Legal expert Jonathan Turley, in a piece for USA TODAY, notes that there are good-faith arguments on both sides of the birthright citizenship issue, and he looks forward to a clarification --- “a final and clear resolution.” Again, it comes down to the phrase “and subject to the jurisdiction thereof.” It would seem this means that the amendment applies only to citizens and legal residents who are subject fully to the legal jurisdiction of the United States.
But when the amendment was first being debated on the floor of the Senate, there was considerable talk about what “jurisdiction” meant. There are three possibilities; Turley’s article goes into detail.
Liberals are bringing up a case from 1898, The United States vs. Wong Kim Ark, in which the Supreme Court ruled 6-2 that the “14th Amendment affirms the ancient and fundamental rule of citizenship by birth within the territory...including all children here born of resident aliens.” But the parents in that case were legal residents, who clearly were “subject to the jurisdiction” of the United States. We’re talking about something else: people here illegally or “tourists” here just long enough to give birth and collect the paperwork.

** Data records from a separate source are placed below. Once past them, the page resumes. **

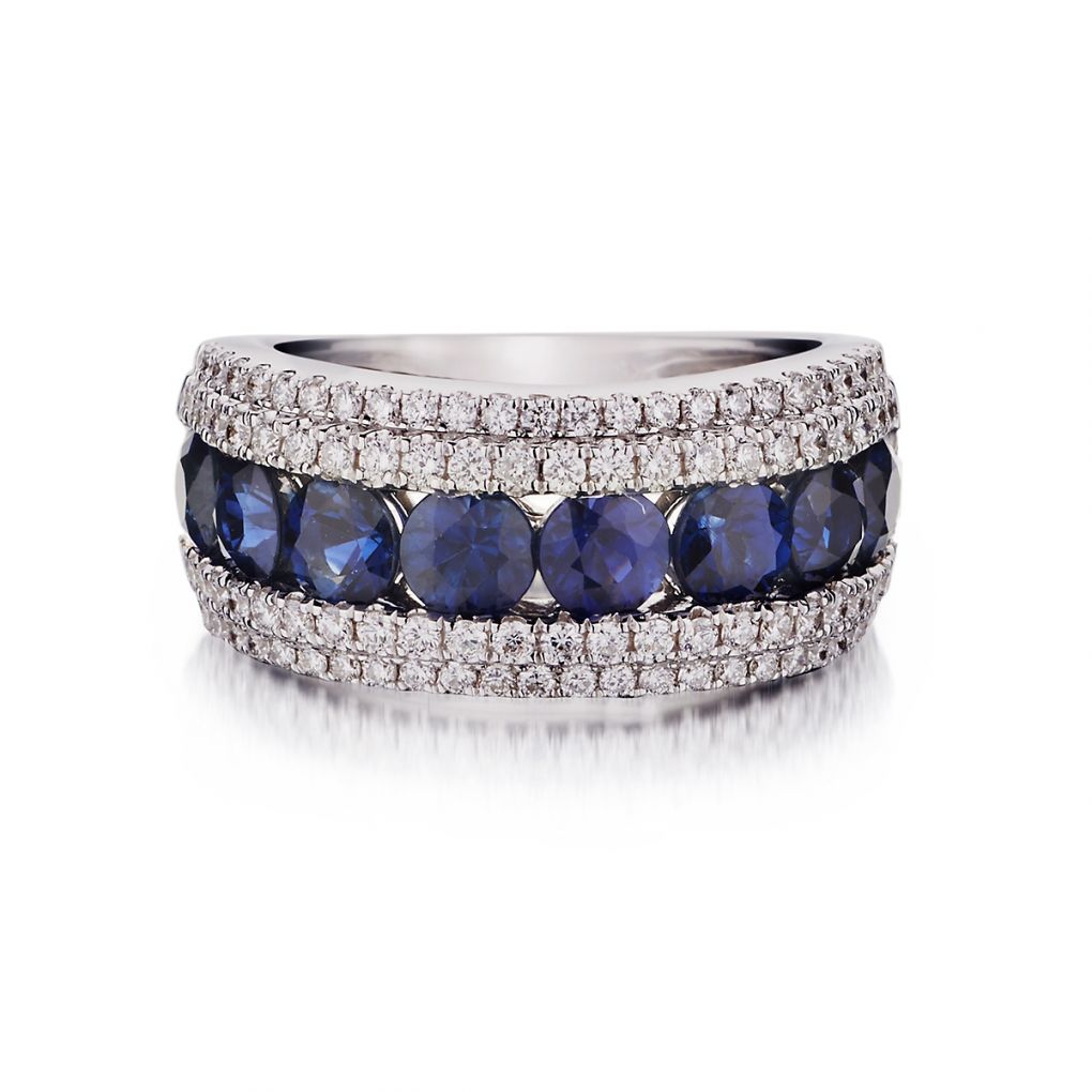 Ladies beautiful 18kt white gold diamond and sapphire ring featuring a row of (8) Round Blue Sapphires weighing 2.80 carat total weight. The row of sapphires is flanked between a double row of pave-set Round Brilliant cut diamonds weighing 0.70 carat total weight of (VS-SI) in clarity and (G) in color. Currently a finger size 6 3/4 but can be resized.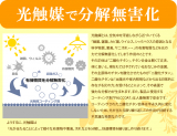 光触媒は太陽や蛍光灯などの光が当たると、その表面で強力な酸化力が生まれ、接触してくる「細菌・雑菌・カビ菌・ウイルス・シックハウスの原因となる化学物質・悪臭・ヤニ汚れ・・・」などの有害物質を除去することができる環境浄化材料です。光触媒パルクコートは人畜無害で安全で、環境への問題もありません。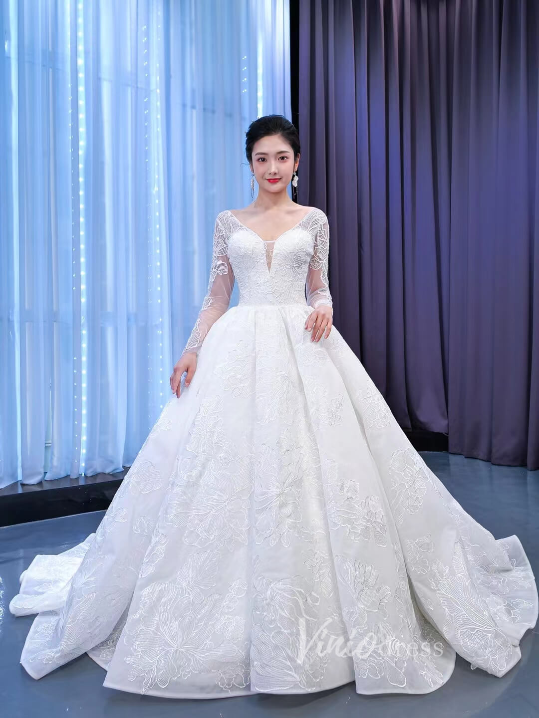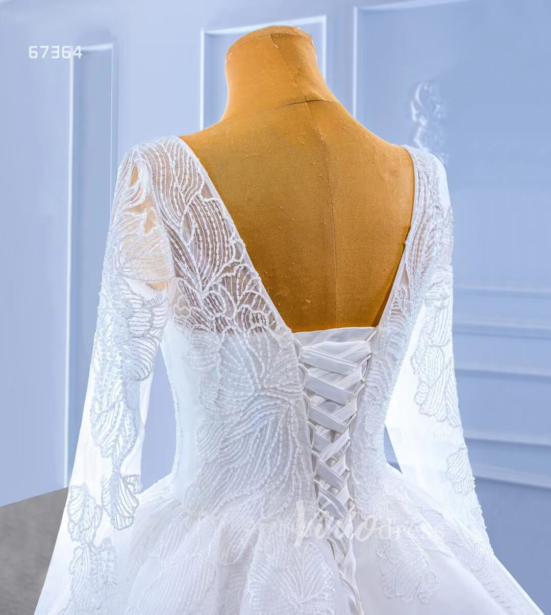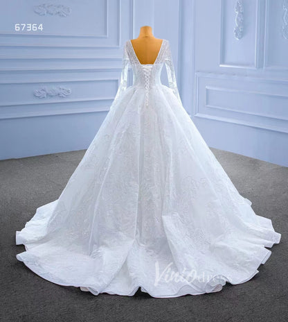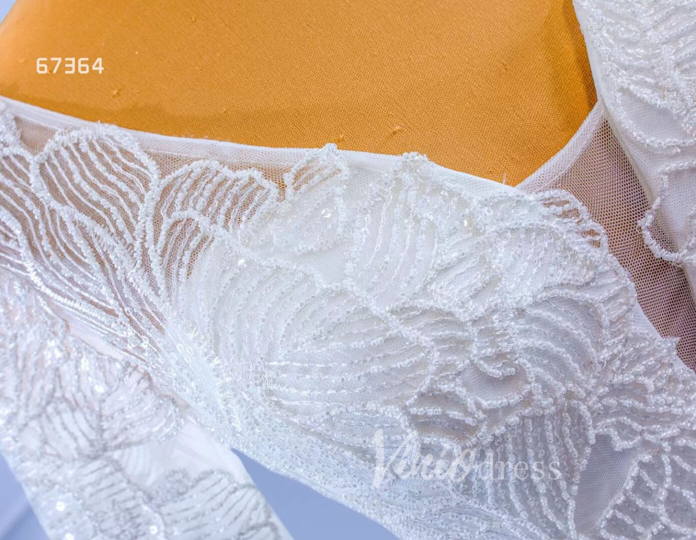 Beaded V-neck Ball Gown Wedding Dress with Sleeves 67364

Turley points out that most countries, including our European allies, do not have birthright citizenship. The most common rule is “right of blood,” not “right of the soil.”
As to whether or not an executive order from Trump is the best way to ignite some change, Turley agrees with McCarthy that with something this important, it would be better for Congress to do it. “The use of an executive order rather than legislation or a constitutional amendment adds another controversial element to the combustive mix,” he says. On the other hand, it would finally force the courts to clarify what it means to be a citizen of our country –- something of tremendous importance.